Baseline Characteristics of All Patients
| Clinical Items | N=155 |
|---|---|
| Age, y | 71 (IQR 58–77) |
| Female sex | 44 (28.4%) |
| BMI, kg/m2 | 27.1 (IQR 24.3–30.2) |
| Risk factors | |
| Hypertension | 115 (75.2%) |
| Smoking | 44 (28.8%) |
| Diabetes mellitus | 32 (20.9%) |
| eGFR, mL/min | 74 (IQR 54–90) |
| Surgery | |
| Biological valve | 97 (62.6%) |
| Mechanical valve | 58 (37.4%) |
| Ascending aorta replacement | 34 (21.9%) |
| PFO/ASD closure | 5 (3.2%) |
| Days in ICU | 1 (IQR 1–2) |
| CPB | 137 (88.4%) |
| TAVI | 18 (11.6%) |
| Deep hypothermic circulatory arrest | 27 (18.9%) |
| Deep hypothermic circulatory arrest, min | 19 (IQR 14–28) |
| Medication | |
| ASA | 88 (56.8%) |
| Clopidogrel | 15 (9.7%) |
| Dual antiplatelet | 4 (2.6%) |
| VKA | 73 (47.1%) |
| NOAC | 12 (7.7%) |
| OAC, any | 85 (54.8%) |
| Statin, any | 79 (51.3%) |
| Imaging | |
| 1.5 T | 119 (78.3%) |
| 3 T | 33 (21.7%) |
| Fazekas Score | |
| 0 | 31 (20.3%) |
| 1 | 81 (52.9%) |
| 2 | 32 (20.9%) |
| 3 | 9 (5.9%) |
ASA indicates acetylic salicylic acid; ASD, atrial septal defect; BMI, body mass index (kg/m2); CPB, cardiopulmonary bypass; eGFR, estimated glomerular filtration rate (mL/min); ICU, intensive care unit; IQR, interquartile range; NOAC, non‐vitamin K antagonist oral anticoagulants; OAC, oral anticoagulation; PFO, persisting foramen ovale; TAVI, transcatheter aortic valve replacement; VKA, vitamin K antagonists.

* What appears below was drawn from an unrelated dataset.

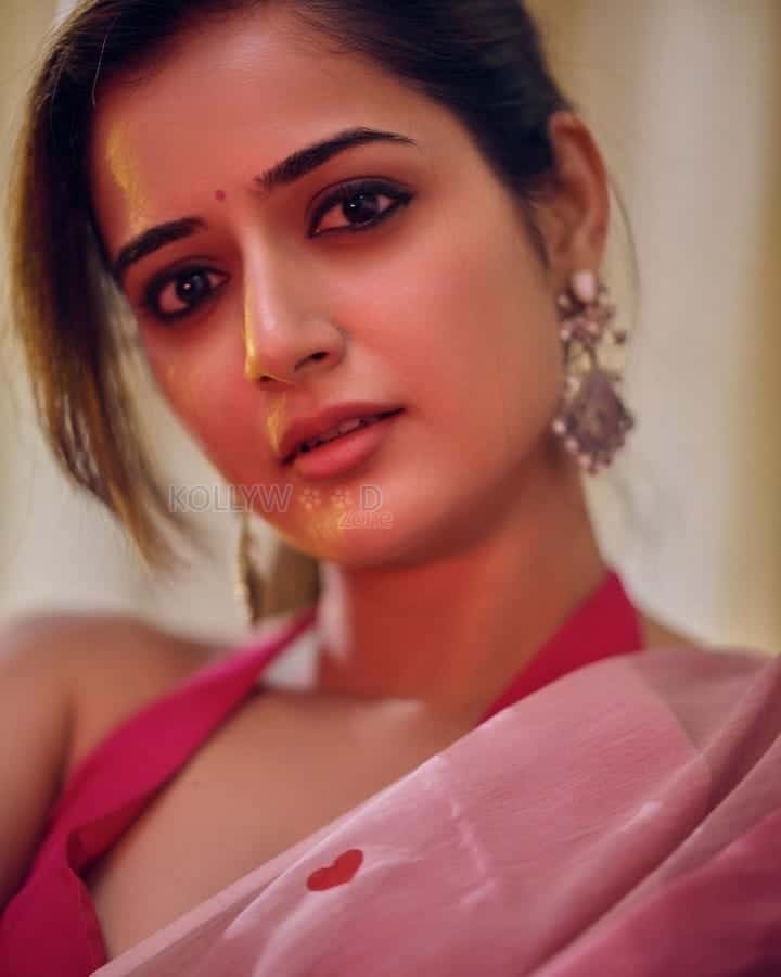 You are viewing an image of Elegant Ashika Ranganath in a Pink Saree with Red Heart Motifs Photoshoot Pictures 08 in KollywoodZone.com Photo Gallery

Change of Pre‐ to First Postinterventional Scan According to Valve Type and CPB Use
| SWI Lesion Count | Preinterventional | Postinterventional | Change (n=25 With Preinterventional MRI) |
|---|---|---|---|
| Biological valve | 0.5 (0–1.25), n=18 | 5 (2–9), n=97 | +2 (1–4) |
| Mechanical valve | 0 (0–1), n=7 | 9 (4–20), n=58 | +9 (7–10) |
| Any valve (N=25) | 0 (0–1), n=25 | 7 (3–12), n=155 | +4 (1–7) |
| CPB yes | 0 (0–1.25), n=18 | 7 (3–13.5), n=137 | +5.5 (2.75–8.25) |
| CPB no | 1 (0–1), n=7 | 1.5 (1–4), n=18 | +1 (0–2) |
CPB indicates cardiopulmonary bypass; MRI, magnetic resonance imaging; SWI, susceptibility‐weighted imaging.

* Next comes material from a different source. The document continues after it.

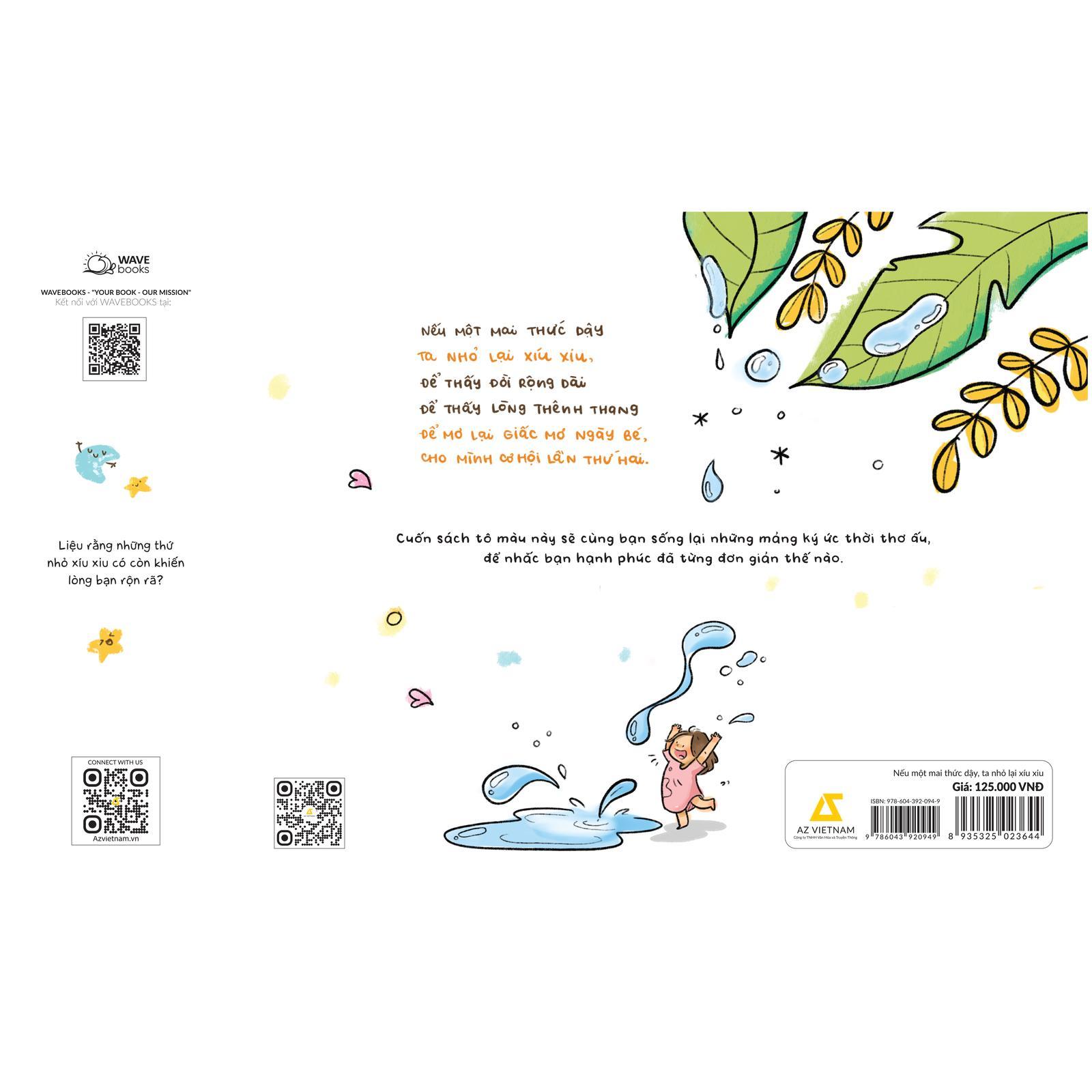 Nếu một mai thức dậy, ta nhỏ lại xíu xiu là một cuốn sách không chứa nhiều câu từ, nhưng mỗi trang sách phủ đầy những phác họa gợi lên hình ảnh tuổi thơ, đang chờ bạn “tô tô vẽ vẽ”. Mỗi nét vẽ là một sợi dây kéo bạn về gần với ngày thơ ấu, nhắc bạn nhớ những niềm vui nho nhỏ đã bị thời gian và sự khắc nghiệt của cuộc sống chôn vùi từ rất lâu.

Figure 2Double logarithmic plot of SWI lesion count of first postinterventional MRI scan in relation to valve implantation time in months. There was a median increase in SWI lesions of 4 (IQR 1–7) from the preinterventional to the first postinterventional MRI scan (bHV 2, IQR 1–4; mHV 9, IQR 7–10). bHV indicates biological heart valves; IQR, interquartile range; mHV, mechanical heart valves; MRI, magnetic resonance imaging; SWI, susceptibility‐weighted imaging.